Para si, aquilo era um trabalho que não a incomodava. Todos os bons encontravam o paraíso, enquanto os maus sofriam ainda naquela vida para pagarem por seus erros. Se seus espíritos estivessem arrependidos no momento de sua partida, os guiaria sem rancor até a Terra prometida. Eles eram destinados a um paraíso sem doenças, fome e guerras, já ela, passaria o resto da eternidade vagando pela terra, guiando e recolhendo espíritos que deixavam este plano.

Era algo injusto a certo ponto. Cultuavam Jaci e a Ceuci, mas recorriam somente a Catxuréu, quando lhe pediam para não levar alguém que estava a beira da morte ou para pedirem que acompanhasse um ente morto a Guajupiá. Contudo, ela não se importava, seu coração era grande demais para guardar rancor das criações de Tupã.

Observou as escondidas a humanidade, vagava de aldeia em aldeia e levava consigo os que já não pertenciam mais àquelas terras.

Viu quando os homens brancos invadiram seu território e sujaram suas mãos com o sangue de seu povo. Viu Tupã se revoltando, provocando chuvas fortes e lançando raios assustadores. Viu Iara tentar expulsá-los, agitando os mares e destruindo várias caravelas. Entretanto, Catxuréu não podia fazer nada além de sua função, então, continuava apenas a guiar os espíritos daqueles que morriam durante este processo.

Vagava por suas terras e viu tudo!

Viu os anos passarem correndo. Viu doenças, guerras e destruição. Viu amor, carinho e compaixão.

Nesse processo seu coração se alegrou, entristeceu, partiu-se e recompôs-se.

E durante um dia, depois de muitas coisas vistas e revistas. Deparou-se com algo que partiu, novamente, seu coração em pedaços. Viu uma família de fazendeiros sendo mortos por bandidos. Eles levaram tudo de precioso que encontraram no local, mas deixaram um bebê sem os pais para trás.

Recolheu as almas dos falecidos. Viu o desespero passar por eles ao perceberem que não pertenciam mais ao mundo dos vivos, depois a dor ao se lembrarem do filho e aos poucos a consciência foi deixando seus espíritos.

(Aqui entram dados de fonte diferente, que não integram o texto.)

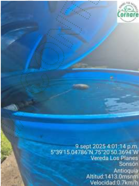
Imagen 4. Tanque de almacenamiento 3 con flotador y llaves para el control de flujo.
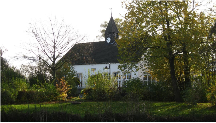
Alte Schule Laßbruch - © LAG Nordlippe, Nathalie Helling
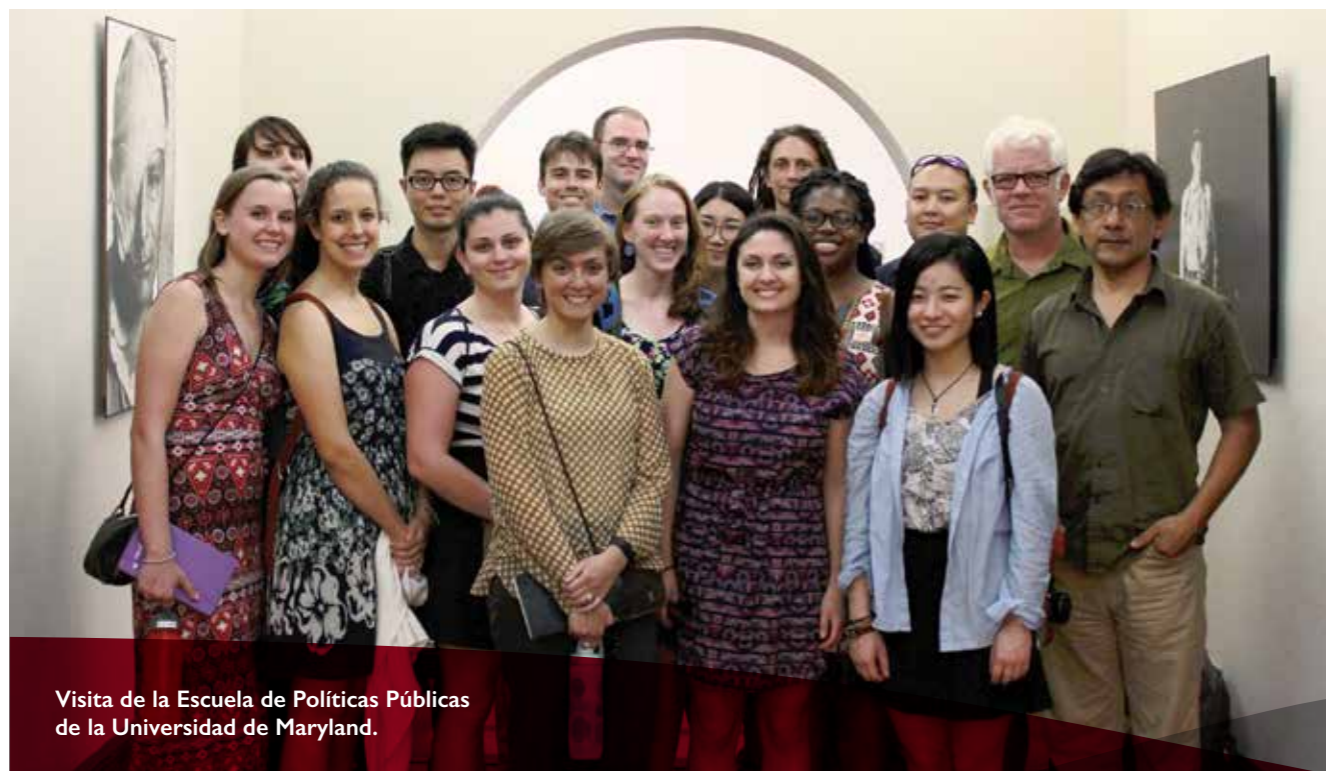
Visita de la Escuela de Políticas Públicas de la Universidad de Maryland.

As lembranças da vida passada sendo apagadas e esquecidas, seguindo Catxuréu sem relutâncias até o seu destino.

Ela fez o seu trabalho e voltou para observar o bebê, que chorava em seu berço com o corpo de sua mãe morta ao chão, contornada pelo seu sangue.

Ficou triste ao pensar que logo ele morreria de fome e seria obrigada a levá-lo junto de si.

Ela odiava levar espíritos de crianças. Criaturas tão jovens que ainda tinham tanto a viver. Mas, era a sua função! Tinha que manter a ordem natural, e infelizmente, levar consigo as almas que àquele plano já não mais pertenciam.

Com o coração entristecido, deixou a cabana que os fazendeiros viviam e voltou a andar pelas terras. Voltou a sua tarefa consciente que logo voltaria àquele local, para recolher mais uma alma.

Mas, para a sua felicidade, nunca tivera de voltar àquele local.

Passou por cidades superpopulosas e por pequenos municípios, visitou aldeias em lugares remotos e viu ainda, a pequena parcela de seu povo que ainda tinha fé em si.

Quando foi a vez de visitar novamente, uma cidadezinha no interior de São Paulo, viu algo que a fez sorrir.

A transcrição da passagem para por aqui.